How to complete this task = If a line below falls between the line with "산리오 A6 소프트 코일" and the line with "BANDS RUNNING TIMES BELOW LAST GIG OF 2025", or is one of those two, output it exactly; output nothing else and no pictures.

Data to examine =

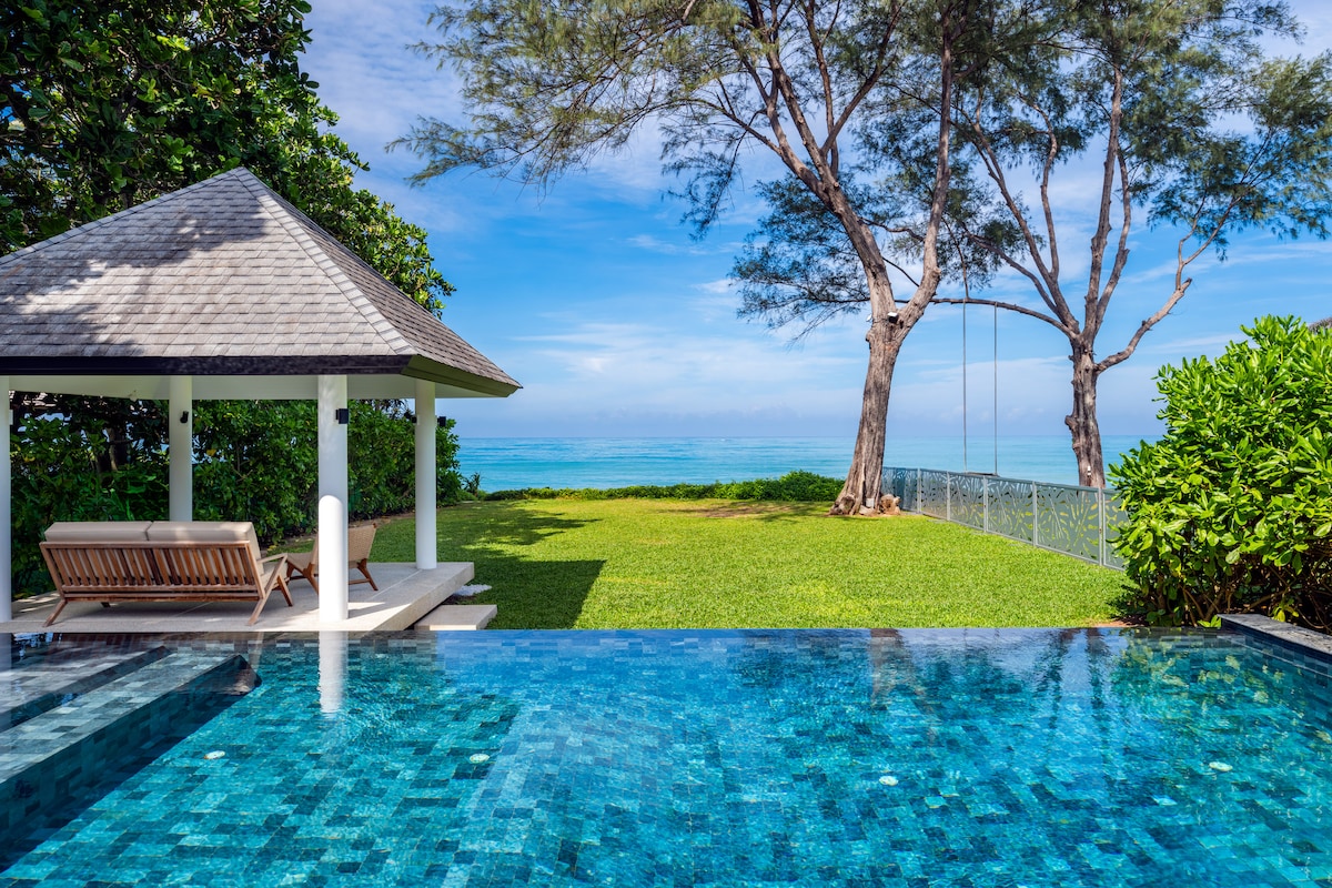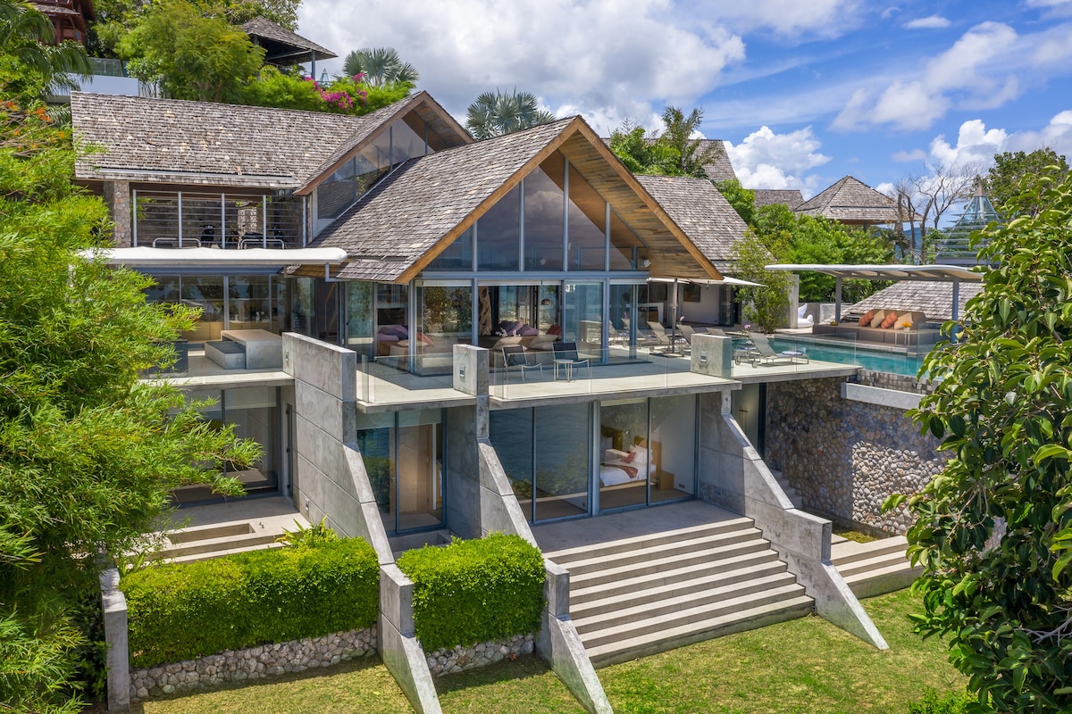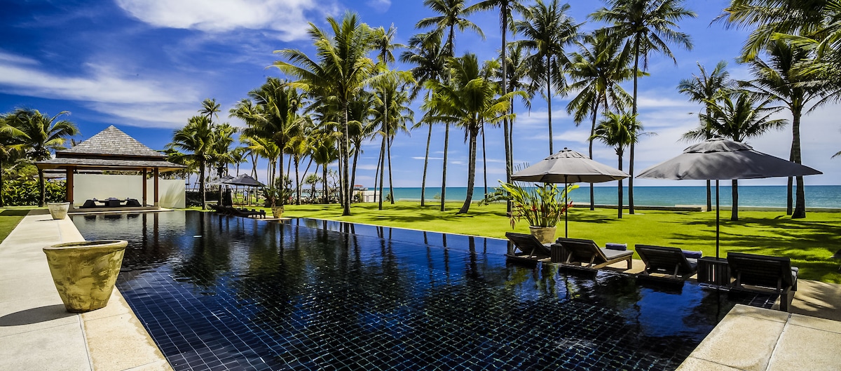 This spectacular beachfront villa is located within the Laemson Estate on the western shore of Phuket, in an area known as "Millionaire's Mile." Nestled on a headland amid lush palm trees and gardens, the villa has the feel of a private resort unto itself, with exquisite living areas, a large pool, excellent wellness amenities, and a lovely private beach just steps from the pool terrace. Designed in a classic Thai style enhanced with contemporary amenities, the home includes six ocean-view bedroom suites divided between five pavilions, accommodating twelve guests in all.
* * *
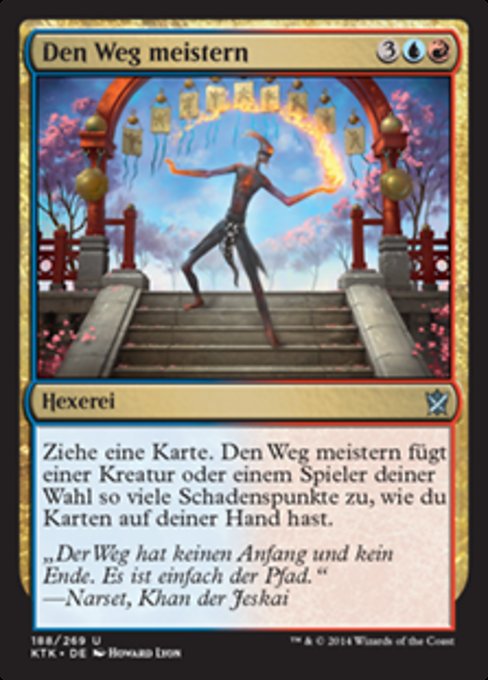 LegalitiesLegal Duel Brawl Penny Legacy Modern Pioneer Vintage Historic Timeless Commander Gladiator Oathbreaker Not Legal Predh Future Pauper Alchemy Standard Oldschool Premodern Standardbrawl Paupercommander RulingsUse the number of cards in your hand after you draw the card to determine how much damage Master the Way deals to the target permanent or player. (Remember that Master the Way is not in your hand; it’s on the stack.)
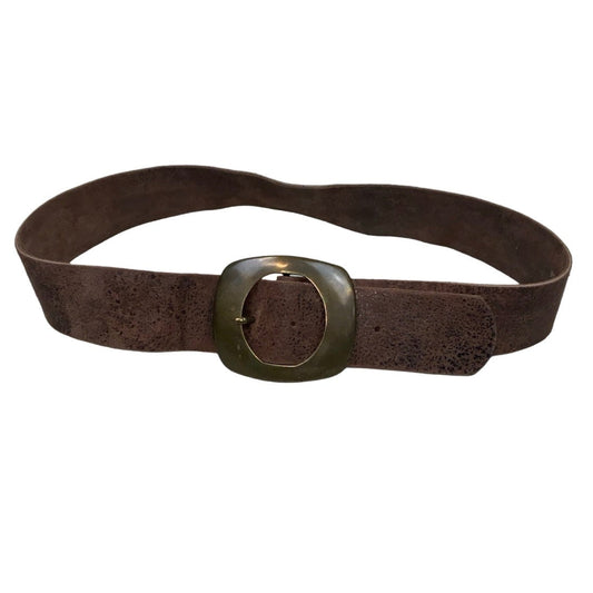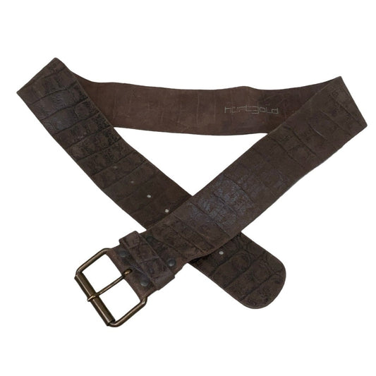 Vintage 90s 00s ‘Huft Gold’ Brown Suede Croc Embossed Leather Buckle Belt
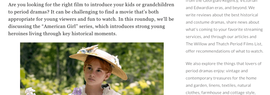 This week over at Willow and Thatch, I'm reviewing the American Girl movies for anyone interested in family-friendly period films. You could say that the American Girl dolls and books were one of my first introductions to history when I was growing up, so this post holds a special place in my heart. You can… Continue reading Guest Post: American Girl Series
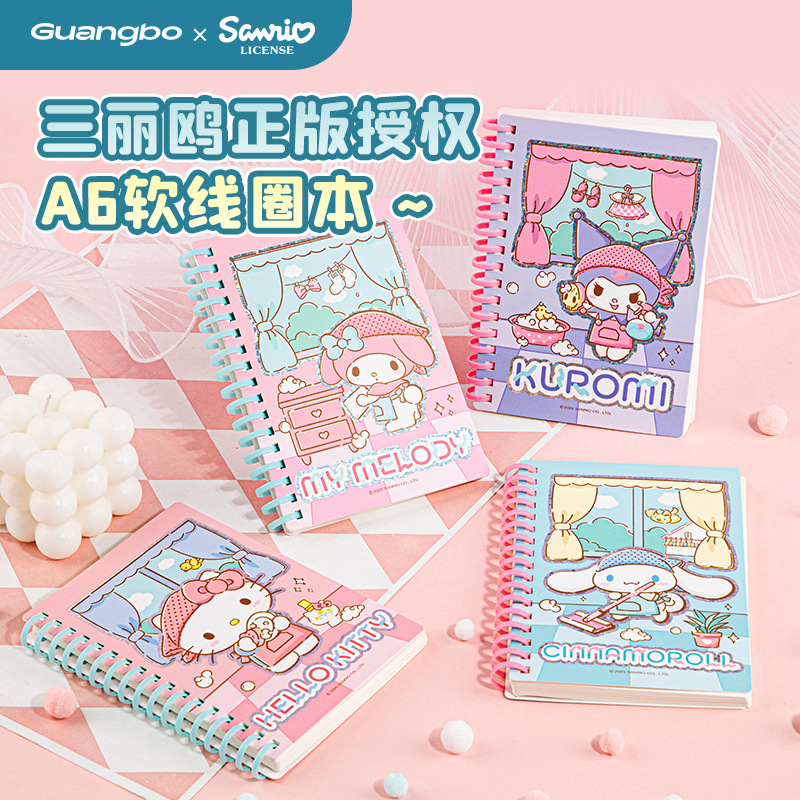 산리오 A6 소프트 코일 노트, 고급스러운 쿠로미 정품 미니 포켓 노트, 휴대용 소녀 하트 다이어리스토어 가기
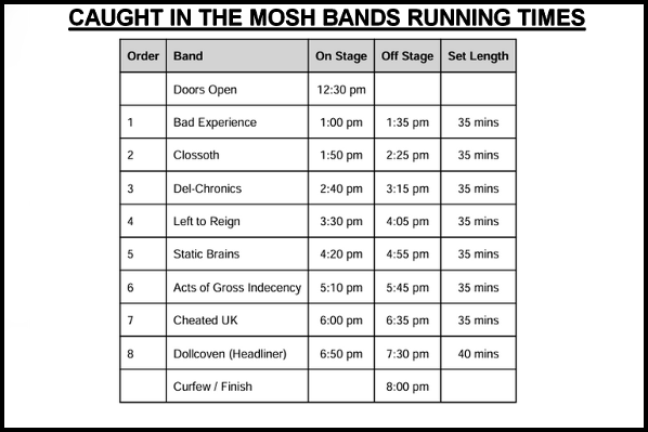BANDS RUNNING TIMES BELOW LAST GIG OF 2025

Answer below =
 산리오 A6 소프트 코일 노트, 고급스러운 쿠로미 정품 미니 포켓 노트, 휴대용 소녀 하트 다이어리스토어 가기
BANDS RUNNING TIMES BELOW LAST GIG OF 2025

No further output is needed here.